Zagreb (Croatie), le samedi 24 octobre 2009

Je me réjouis que nous profitions de cette occasion pour faire plus ample connaissance et ouvrir un dialogue constructif sur nos défis, nos réalisations et nos perspectives d’avenir.

J’estime que nous ne parlerons jamais assez de nous, les femmes. De nos luttes. De nos victoires. Du pouvoir que nous avons d’influer sur le monde et de notre volonté de le changer pour le mieux.

Les droits des femmes sont relativement récents dans l’histoire de l’humanité et, par voie de conséquence, restent fragiles.

Partout où je suis allée, du Brésil à Haïti, en passant par l’Afrique et l’Europe centrale, l’égalité n’est pas gagnée pour les femmes. Et en certaines régions du monde, comme en Afghanistan où j’étais récemment, leurs droits les plus fondamentaux sont niés, bafoués sans vergogne.

Même dans un pays progressiste comme le Canada, la route vers l’égalité est semée d’embûches. 
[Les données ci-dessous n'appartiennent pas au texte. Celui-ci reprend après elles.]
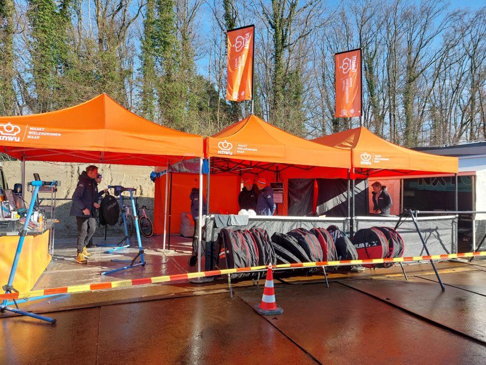 Verslaggever Marianne van Belleghem nam ook even een kijkje achter de schermen op het terrein van de Blaauwe Hoeve waar de teambussen geparkeerd staan.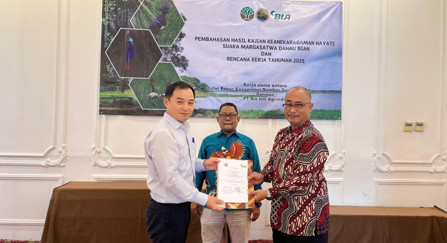 Bogor, 21 Februari 2025 – PT Bio Inti Agrindo (PT BIA) dan Balai Besar Konservasi Sumber Daya Alam (BBKSDA) Papua menandatangani Rencana Kerja Tahunan (RKT) 2025 untuk memperkuat upaya konservasi keanekaragaman hayati di Suaka Margasatwa (SM) Danau Bian. Acara ini berlangsung di Hotel Grand Savero, Bogor, dihadiri oleh Bae Gyutae perwakilan dari PT BIA, dan Kepala BBKSDA Papua, A.G. Martana, S.Hut., M.H. serta disaksikan oleh perwakilan Direktorat Jenderal Konservasi Sumber Daya Alam dan Ekosistem (KSDAE).

Partout, les femmes sont encore sous-représentées dans les instances décisionnelles, et je ne peux que me réjouir de la nomination récente d’une femme, Jadranka Kosor, au poste de premier ministre de la Croatie.

Ce sont encore les femmes qui sont les plus susceptibles de vivre dans la pauvreté.

Ce sont encore les femmes que le poids des traditions écrase et ravale au grand d’inférieur.

Ce sont encore les femmes et leurs enfants qui subissent le plus durement les répercussions des conflits.

Ce sont encore les femmes qui risquent d’être agressées, dans l’intimité de leur foyer ou dans la rue.

Je le sais pour avoir été journaliste et avoir témoigné de ces réalités, notamment du trafic des femmes, un phénomène qui prend de l’ampleur à l’échelle de la planète.

Je le sais aussi pour avoir collaboré à la mise sur pied d’un réseau de refuges destinés aux femmes victimes de violence et pour les avoir accompagnées pendant près de dix ans.

Et la gouverneure générale que je suis est plus que jamais convaincue que les combats menés par les femmes pour le respect de leurs droits sont une affirmation de la dignité humaine et un chemin qui conduit vers la liberté.

Je crois au pouvoir des femmes, à leur résilience, à leur esprit d’entraide et à leur volonté d’en finir avec les inégalités.

Je crois aussi que leur parole est porteuse d’avenir, surtout lorsqu’elle s’accorde à des gestes qui entraînent des changements profonds dans la société, comme c’est le cas des femmes engagées dans la société croate que nous avons réunies autour de cette table.

Je crois que donnez du pouvoir aux femmes, c’est donner du pouvoir à la nation entière.

Soyons, les unes pour les autres, des sœurs, des alliées, des modèles et des sources d’inspiration.

Je suis impatiente de vous entendre.